Leave the pictures out, and transcribe the material below exactly from the line with "Baca Juga : ISOLASI" to the line with "Komfortowy biustonosz dla", both lines included.

(Beginning of Supplied material)

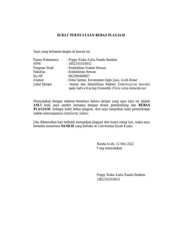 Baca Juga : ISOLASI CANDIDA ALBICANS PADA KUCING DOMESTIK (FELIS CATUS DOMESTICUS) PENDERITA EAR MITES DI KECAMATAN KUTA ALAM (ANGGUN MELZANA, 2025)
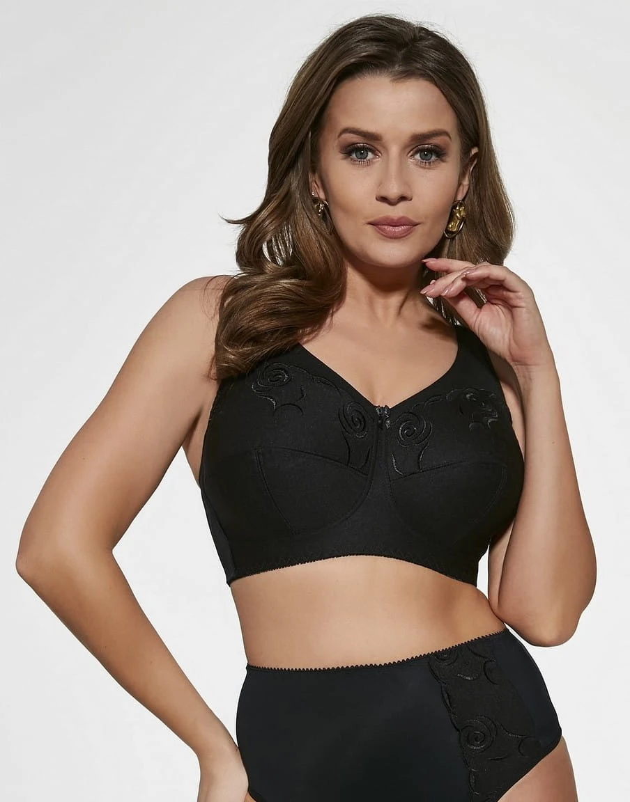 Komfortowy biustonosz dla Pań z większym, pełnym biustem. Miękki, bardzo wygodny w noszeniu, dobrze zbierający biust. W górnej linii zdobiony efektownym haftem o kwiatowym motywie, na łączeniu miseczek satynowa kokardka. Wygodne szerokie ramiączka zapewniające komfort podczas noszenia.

(End of Supplied material)
(Beginning of Supplied material)

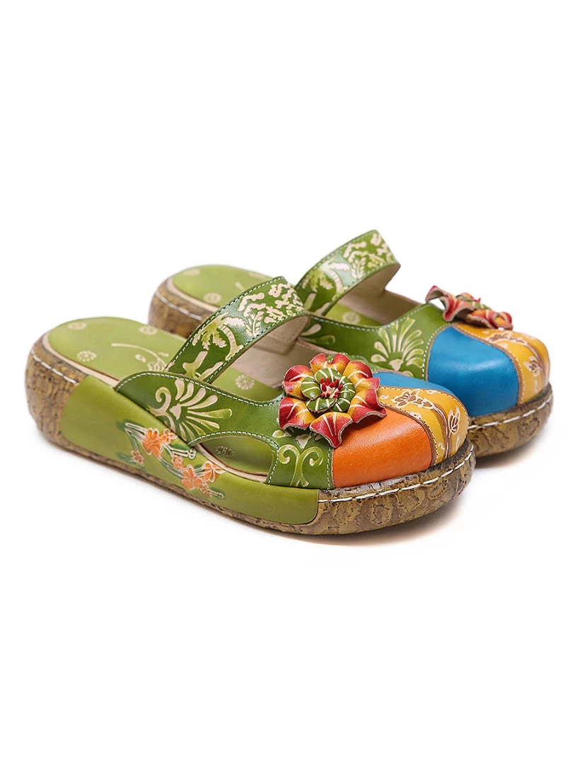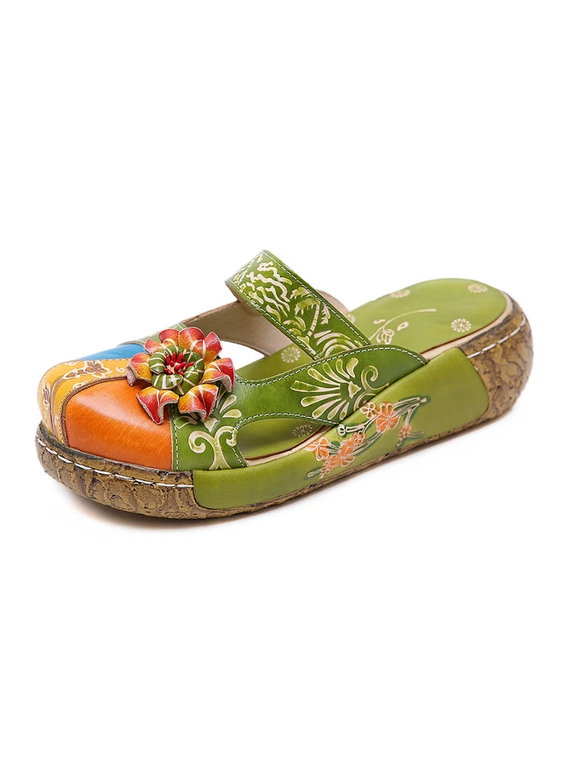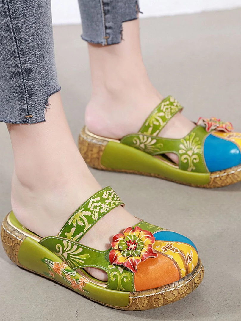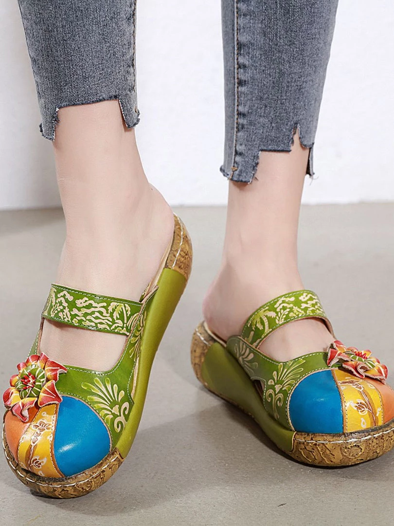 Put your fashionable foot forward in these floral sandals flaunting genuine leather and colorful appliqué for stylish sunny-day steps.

(End of Supplied material)

Exercise answer:
 Baca Juga : ISOLASI CANDIDA ALBICANS PADA KUCING DOMESTIK (FELIS CATUS DOMESTICUS) PENDERITA EAR MITES DI KECAMATAN KUTA ALAM (ANGGUN MELZANA, 2025)
 Komfortowy biustonosz dla Pań z większym, pełnym biustem. Miękki, bardzo wygodny w noszeniu, dobrze zbierający biust. W górnej linii zdobiony efektownym haftem o kwiatowym motywie, na łączeniu miseczek satynowa kokardka. Wygodne szerokie ramiączka zapewniające komfort podczas noszenia.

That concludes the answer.